A new park sign is unveiled during a ceremony to rename Verleye Park to the Charles A. Oddo Verleye Park in East Northport on Sunday, June 26, 2016. NYPD Officer Charles Oddo of East Northport, left, was killed in the line of duty 20 years ago. Credit: Ed Betz

A crowd of about 250 people gathered Sunday in East Northport to remember NYPD Officer Charles A. Oddo by renaming Verleye Park in his honor.

Oddo, who was killed in the line of duty Feb. 17, 1996, at the age of 33, was an East Northport native and volunteer firefighter, paramedic and mechanic with the Commack Fire Department. He was serving on a Brooklyn Highway Unit, placing flares around an overturned gas truck on the Gowanus Expressway, when a motorist fatally hit him.

Otto joined the NYPD in 1990 as a beat cop in Manhattan’s First Precinct. In 1995 he joined Brooklyn’s Highway Unit No. 2.

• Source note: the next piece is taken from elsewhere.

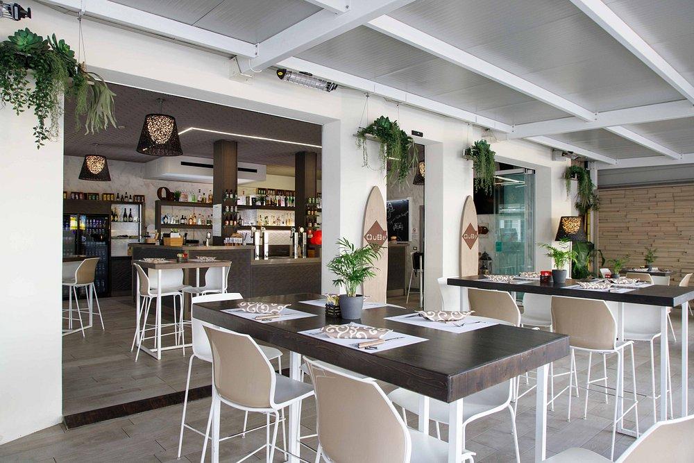 On the ground floor of the hotel, on the terrace overlooking the pedestrian area of Via Bafile, is QuBe Hamburgeria, a landmark in the social scene of Lido di Jesolo. QuBe stands for burgers and organic, zero-mile, D.O.P. food.

“He shared that extraordinary quality that is the essence of firefighters and police officers,” Oddo’s sister, Maria Forger, of Merrimack, New Hampshire, said Sunday. “That quality that seeks not material, nor monetary gain, nor accolades, nor admiration, but recognizes the inestimable value of every person, and places itself at the service of humanity — with its highest priority being to serve, preserve, protect and save life indiscriminately.”

Oddo’s mother, Rose, and father, Joseph, a retired sergeant from the Suffolk County Police Department’s highway patrol and emergency services, also attended Sunday’s ceremony. He also had a brother, Louis, who now lives in California.

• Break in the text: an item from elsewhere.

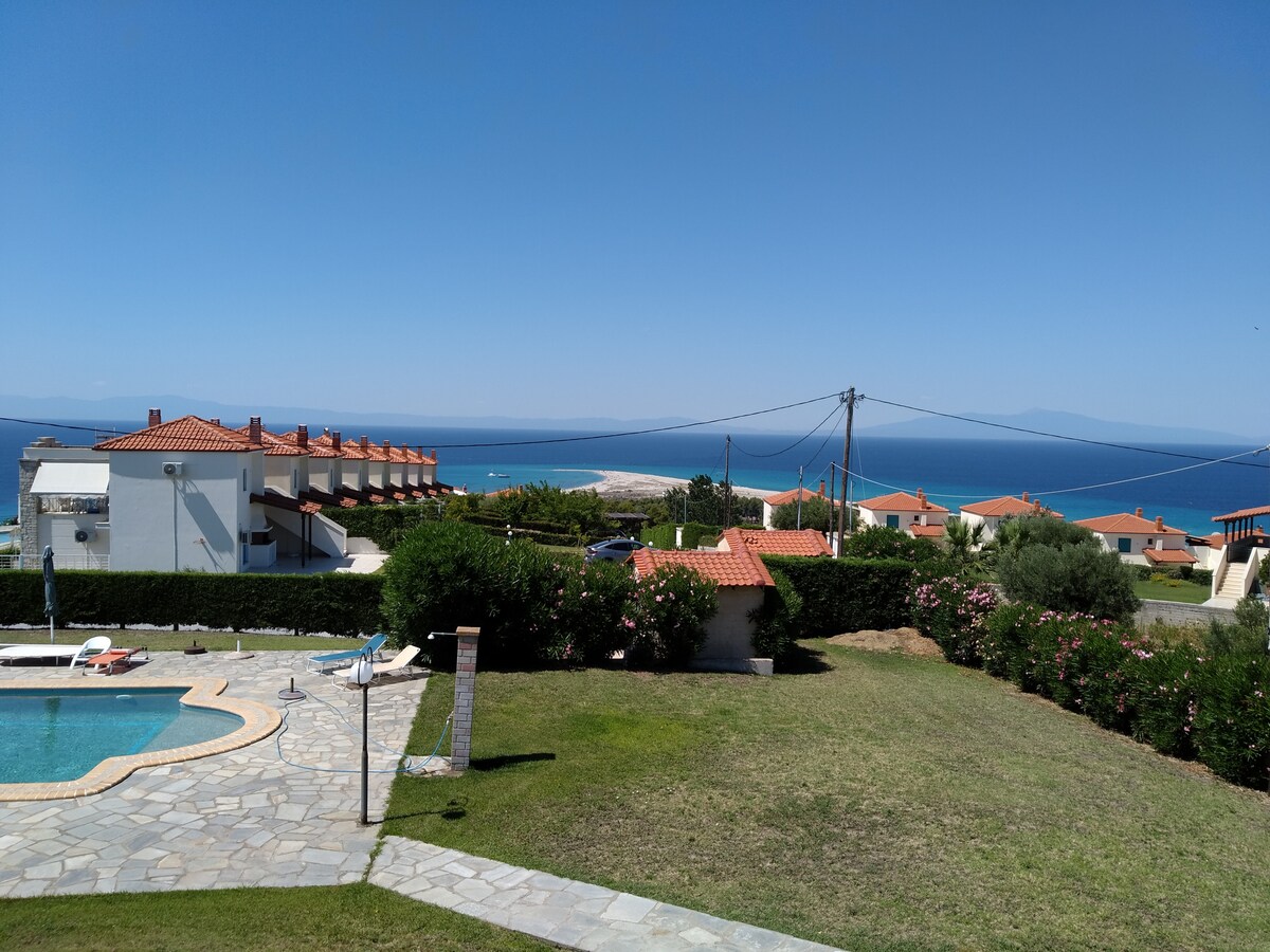 Viktigt: Anläggningen har en gemensam pool, men den är inte tillgänglig för Airbnb-gäster och kan inte användas under din vistelse. Boendet erbjuder en stor privat trädgård och flera utomhusområden för avkoppling. Beläget i Possidi, Halkidiki, bara 2 minuter med bil från stranden. Villan har 3 sovrum, ett vardagsrum med en bekväm bäddsoffa för två, ett fullt utrustat kök, 2 badrum och 1 toalett. Perfekt för familjer eller grupper som vill koppla av vid havet. Två parkeringsplatser ingår.

Forger said she and her brother used to cut through Verleye Park — now Charles A. Oddo Verleye Park — each day to catch the bus to school, and spent countless hours playing on the stretch of land. The park is on Verleye Avenue, about a third of a mile north of Jericho Turnpike, midway between Larkfield and Elwood roads.

The effort to honor Oddo two decades after his death was driven by the Commack Fire Department and its current president, John Bicocchi, who was chief when Oddo died.

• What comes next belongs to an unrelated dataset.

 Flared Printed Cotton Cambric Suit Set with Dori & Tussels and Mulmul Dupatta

Bicocchi said he was moved to tears hearing Forger speak about how her brother had been her protector throughout their childhood.

“I’m glad I was wearing sunglasses,” he said, adding that now Oddo will “be there to protect the future generations of children playing in the park.”

About 60 Commack firefighters attended the ceremony, as did eight NYPD motorcycle officers, a Suffolk County Police Department detachment of eight motorcycles, and about a dozen retired NYPD officers who had served with Oddo, fire department Commissioner Tom McFadzen said.

Bicocchi contacted the Huntington Town Board in February about honoring Oddo. Board members in May approved renaming the park.

In June 2000, New York City Mayor Rudy Giuliani renamed the Belt Parkway 65th to 67th Street Interchange in Brooklyn Police Officer Charles Oddo Interchange.

Forger thanked the police officers and firefighters for their loyalty to her brother.

“Today you show us this loyalty again, by your loyalty to his memory, that you are indeed family,” she said. “For you have not forgotten him, nor cease to honor his memory.”